Suite à ces phénomènes, l’eau qui reste dans les océans s’enrichit donc en isotopologue 18OH2 par rapport au standard universel. De même, la glace aux pôles s’enrichit en isotopologue 16OH2. Une forte concentration en isotopologue 18OH2 dans les océans se trouve donc corrélée à une forte concentration en isotopologue 16OH2 dans les calottes polaires. Le rapport exact permet alors de connaître quelle quantité de glace recouvrait la Terre à une époque donnée.

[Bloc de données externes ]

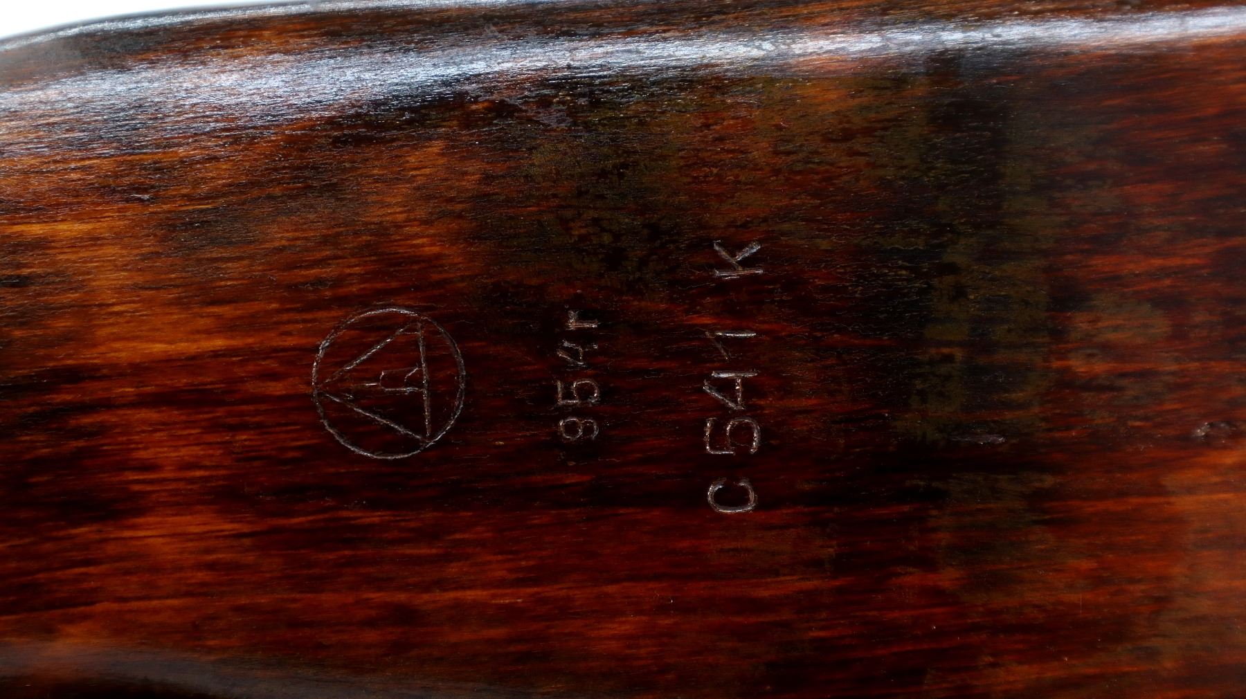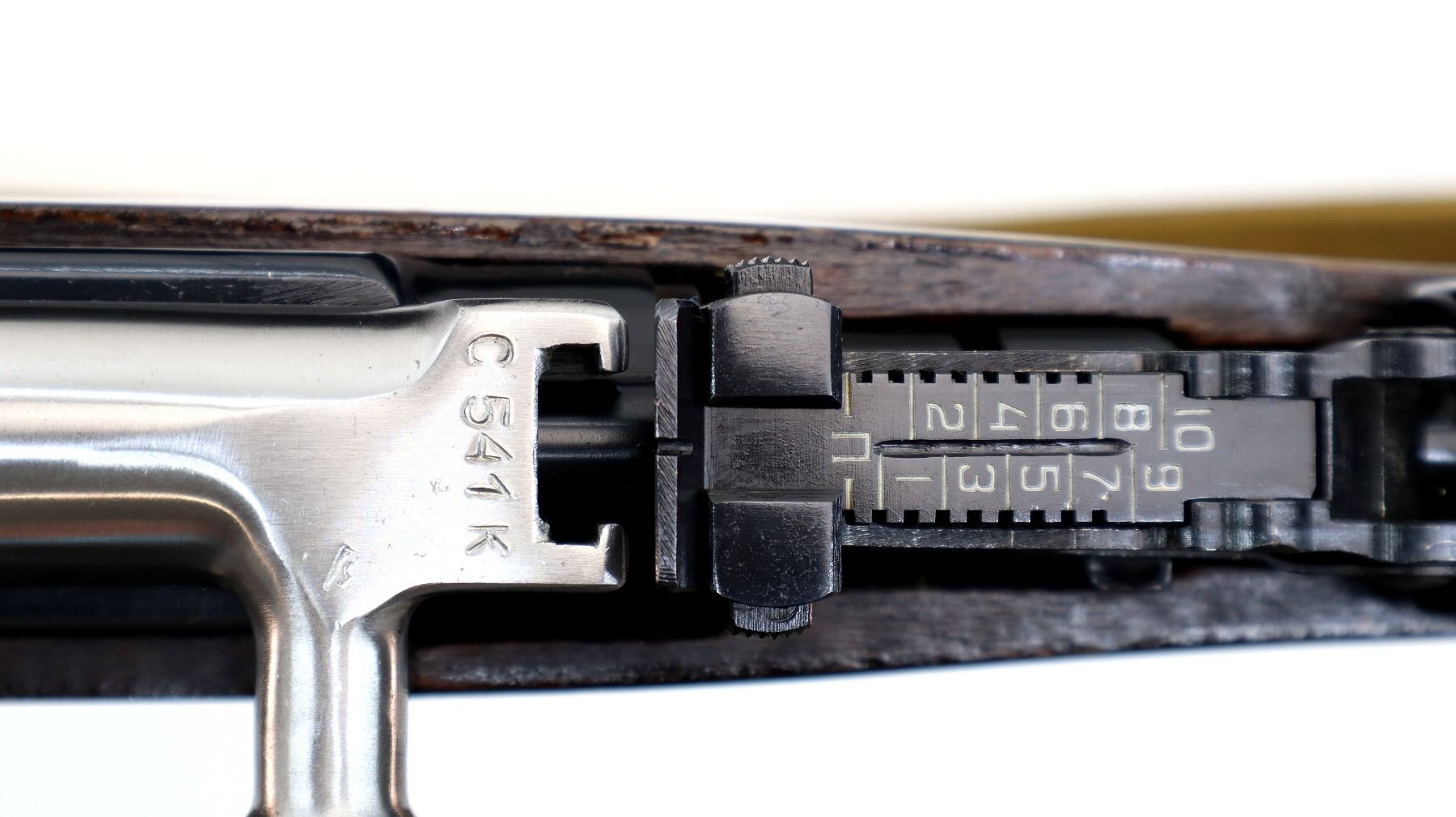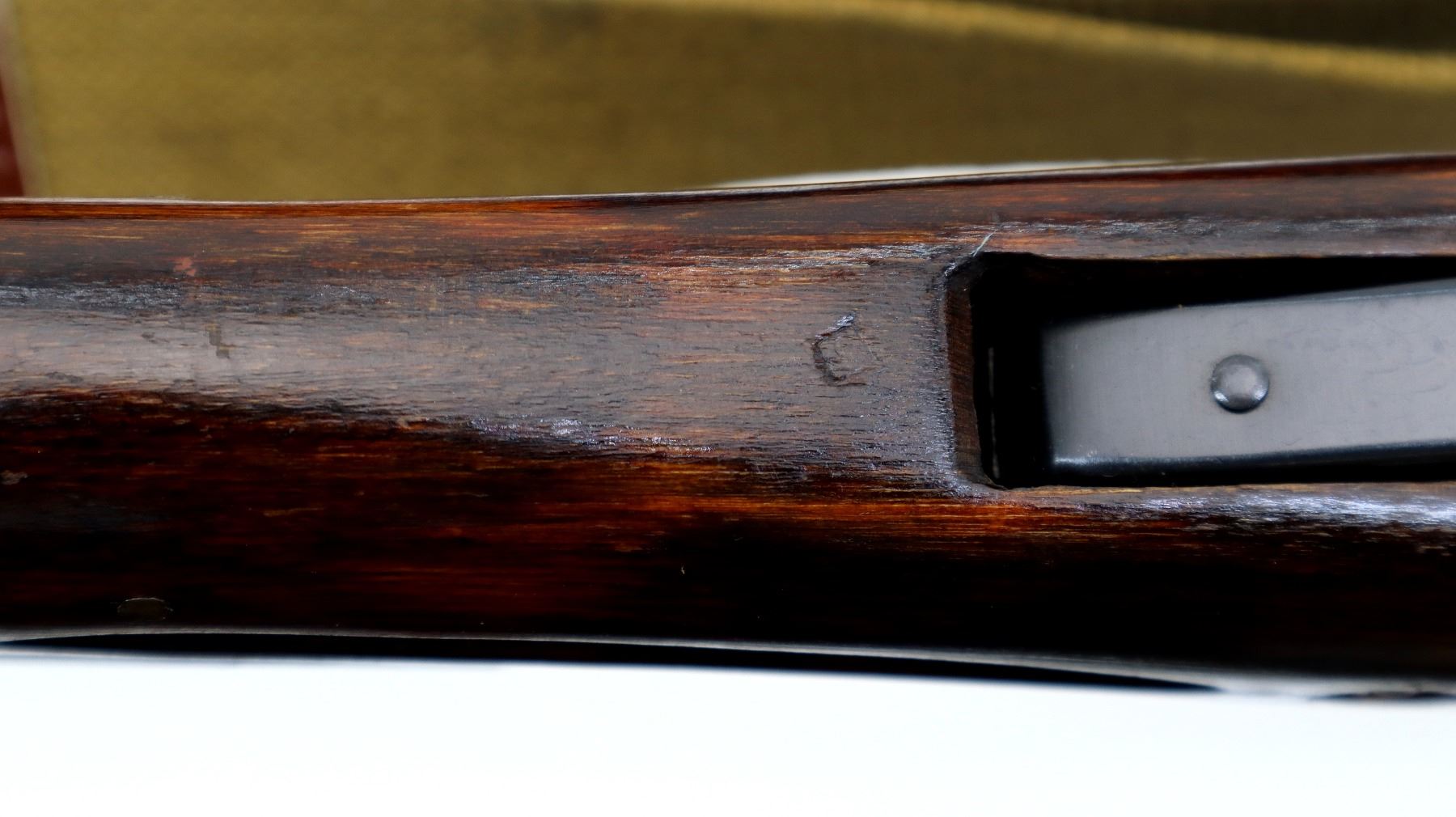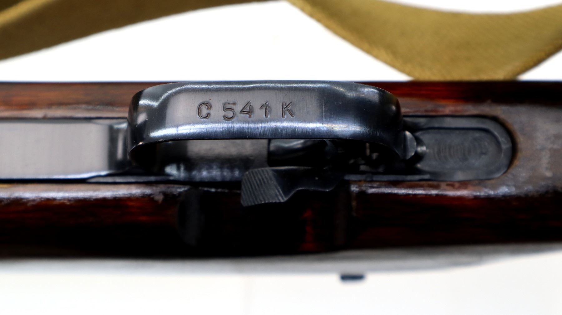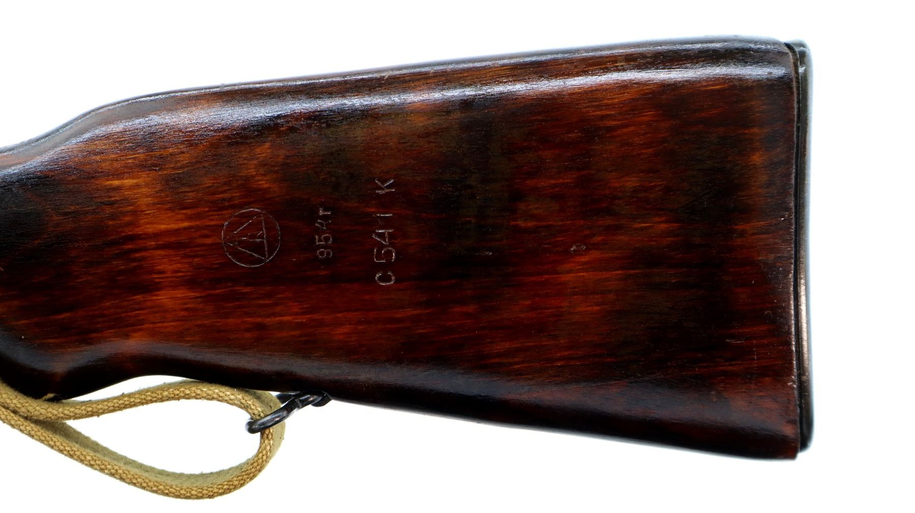 Main Description: Manufactured by Izhevsk 1954, visible numbers match. This Rifle does not appear to have any refurb markings. Post front sight with hood and ramp, adjustable u notched rear sight, blued finish, silver bolt and carrier. Two piece full military wood stocks, ventilated handguard, finger grooved forearm, pistol grip, smooth steel butt plate with trap, lace on ammo holder on stock, sling swivels with tan canvas military sling, cleaning rod, attached folding blade bayonet with slide gold colouring.

Si maintenant le climat se réchauffe, les calottes polaires fondent. L’eau de fonte se retrouve donc dans les océans. Ce qui réduit leur salinité et augmente leur teneur en isotopologue 16OH2. Les périodes chaudes sont donc celles où l’eau de mer présente un rapport isotopique 18O/16O supérieur à celui du standard universel. Car, il y a eu plus de précipitations. En paléoclimatologie, on utilise le rapport isotopique 18O/16O de l’eau des glaciers ainsi que celui des coquillages ou des plantes marines. Ceci permet d’avoir une idée des températures ainsi que du taux de précipitations du passé.

Coquillages et coraux

Pour les carottes glaciaires, la chose est simple. Puisque ici, un rapport faible indique des températures plus froides que le standard universel. Pour les coquillages, la mesure est beaucoup plus complexe. Car, les processus chimiques et biologiques à l’origine de la formation des coquilles biaisent le rapport isotopique de manière très variable en fonction de la température. Les coquilles du phytoplancton, du zoo-plancton ou des coraux sont constituées de calcaire CaCO3 ou de silice SiO2.

Lorsque ces solides se forment, ils tendent à s’enrichir en isotope 18O, quel que soit le rapport isotopique de l’eau. Plus la température de l’eau est basse, plus l’enrichissement est important. Il faut donc faire des corrections pour accéder au véritable rapport isotopique de l’océan. Cela se fait en regardant d’autres rapports isotopiques. Comme la balance entre le strontium (Sr) et le calcium (Ca) dans le cas des coraux. En effet, le rapport Sr/Ca dépend, lui aussi, fortement de la température. En mesurant ce rapport dans les coraux, on peut donc connaître la température de l’océan

Ceci permet alors d’estimer la quantité d’isotope 18O incorporée pour cette température. Des variations dans le rapport isotopique après cette correction de température, révèlent des changements locaux de la salinité de l’océan. Ceci est en relation avec les taux d’évaporation, de précipitation et d’écoulement des eaux, paramètres liés à la quantité totale de glace sur la Terre.